Following hatching E. dofleini swims toward the surface and spend 4-12 weeks drifting in the plankton until they reach a size of >14 mm mantle length (still under 5 grams.). The young then settle to the bottom, although not much is known about this settlement phase.
Dens are an important resource to octopus during all benthic life stages. Dens are used both as brooding chambers and as refuges from predators, including other octopuses, various fishes, and many marine mammals. Most dens of juvenile E. dofleini are naturally occurring spaces under rocks or in crevices or are an excavated cavity in sand or gravel under a boulder.
Octopuses consume mostly crustaceans and mollusks, most often-small crabs and scallops. Other bivalves, snails, fish and other octopus are also eaten.
Octopuses use three different techniques to gain entry to hard-shelled prey: they may pull it apart; bite it open with their beak or 'drill' through the shell. Preys that are difficult to pull or bite open are drilled: secretions from the salivary papilla soften the shell of the prey, and the softened material is then scraped away with the radula to create a tiny hole in the shell. Through this hole, the octopus secretes a toxin that paralyzes the prey and begins to dissolve the connective tissue. The prey is then pulled apart and consumed.
The third right arm of the male octopus is hectocotylized with a modified tip, called the ligula that is used during mating and in E. dofleini may be one-fifth the length of the arm.
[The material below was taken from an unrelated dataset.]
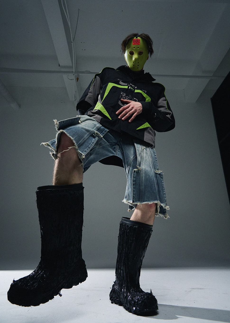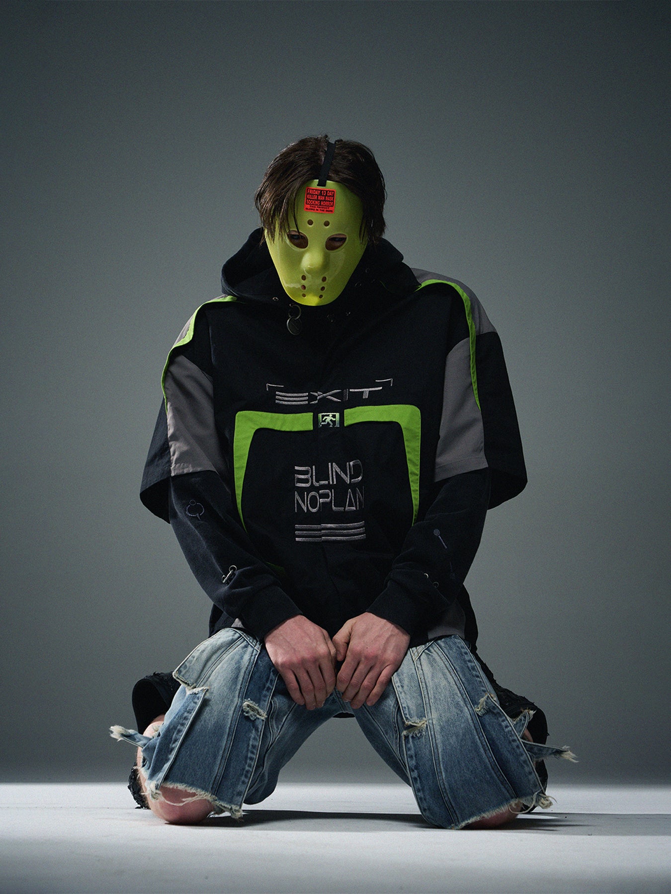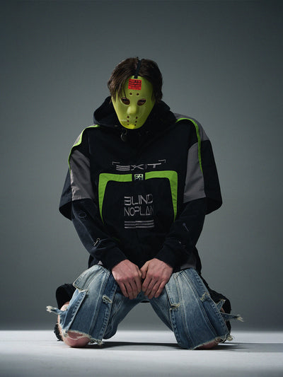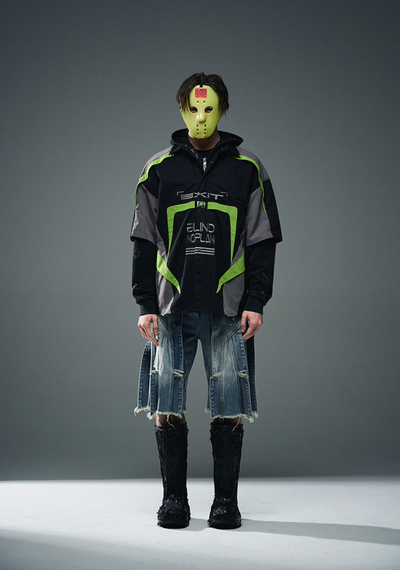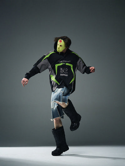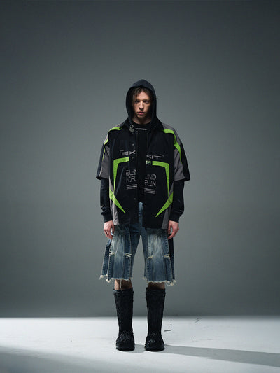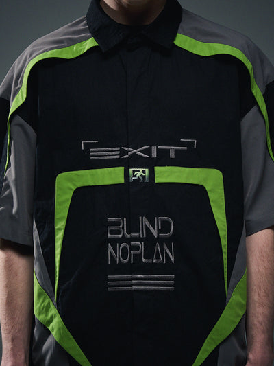 BLIND NO PLAN Colorblocked Racing Heavy Embroidery Short Sleeve Shirt | Face 3 Face

Males may mate with more than one female and females receive fairly large spermatophores (up to 1m long) during mating. Eggs are laid some time after mating (one report of 42 days in captivity in Hartwick, 1983).
The mouth is located at the center of the arms. Octopuses have a strong, parrot- like beak contained within the bucal mass, the muscles which work the beak and tongue.
Mature female E. dofleini have 2240 suckers, 280 on each arm, but males have fewer because there are only about 100 on the hectocoylized arm. (Toll, R. 1988. "The use of arm sucker number in octopodid systematic (Ceph: Octopoda)" American Malacological Bulletin. 6(2): 207-211. 1988). In at least shallow-water species of octopuses there seems to be a species-specific number of suckers per arm that is reached at a size less than the maximum size, with the number on the hectocotylus also species-specific. In the deep-water species, this doesn't necessarily hold.